Tidak mudah untuk memilih lagu, kami harus yakin benar bahwa lagu yang akan dibawakan harus jelas legalisasinya karena sangat berkaitan dengan Hak atas Kekayaan Intelektual. Akhirnya dengan berbagai pertimbangan kami memilih lagu Erang-Erang Subuh yang diaransemen oleh Amril Huda dan Lagu Podho Nginang aransemen Yanu Kristiono. Kedua lagu tersebut adalah lagu etnik banyuwangi yang notabene Unej memiliki banyak ahli budaya yang meneliti kebudayaan Banyuwangi, dan Osing pada khususnya, sehingga kami akan dapat banyak masukan tentang budaya Osing.  Dan satu lagu etnik Papua yang berjudul Diru-diru Nina yang diaransemen oleh Gabriel Mado/Paul Widiawan.

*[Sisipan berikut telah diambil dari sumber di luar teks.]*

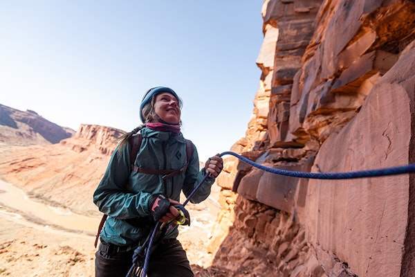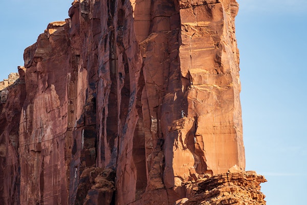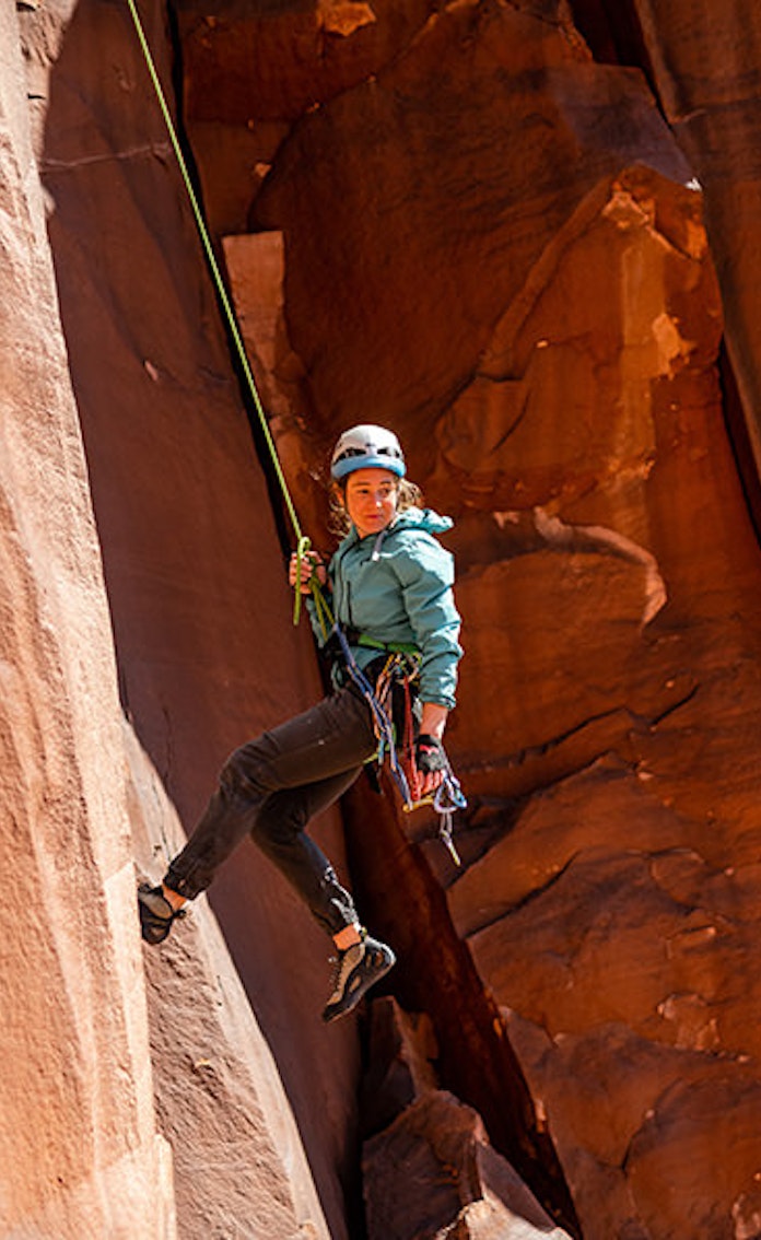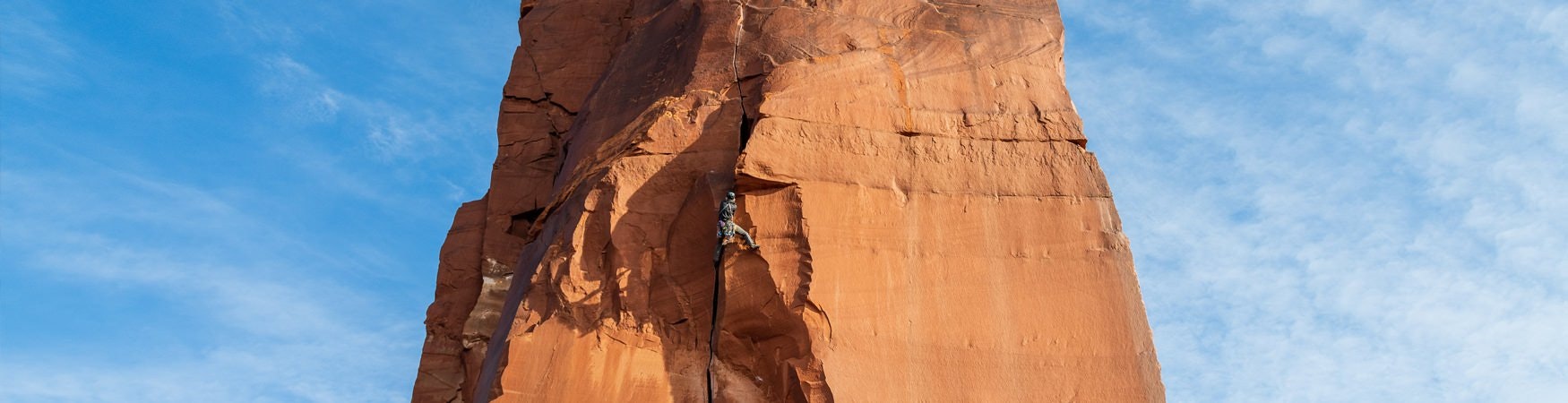 Our plan had been to do a whole tour of Utah tower climbs, a bit of a mental game since some of the towers look like they’re barely standing, but the weather had other plans for us. Having climbed the Fisher Towers – including the mega classic “Ancient Art,” on our last trip, we decided to try something different. We managed to squeeze in the Lighthouse Tower, a three-pitch squeeze chimney with an exposed stem box section that gives way to endless views of the Colorado River from the top. Once again, we somehow had the tower to ourselves.

Turun di kategori Folklore a capella, saya tahu konsekwensinya, menyanyi dengan tidak ada alat musik yang menjaga ketepatan nada. Notasi harus tepat tidak boleh bergeser sedikitpun dengan choral sound yang sesuai dengan daerah asal lagu. Pekerjaan berat didepan mata, tetapi melihat kualitas tim yang saya rasa salah satu yang terbaik dari sekian generasi yang saya ikuti, saya menjadi percaya diri. Didukung di kiri dan kanan saya ada tim pelatih yang selalu memberi masukan positif. Apalagi Mas lilik saat ini juga sedang menempuh pendidikan master seni pertunjukan yang akan memberi masukan secara akademis. 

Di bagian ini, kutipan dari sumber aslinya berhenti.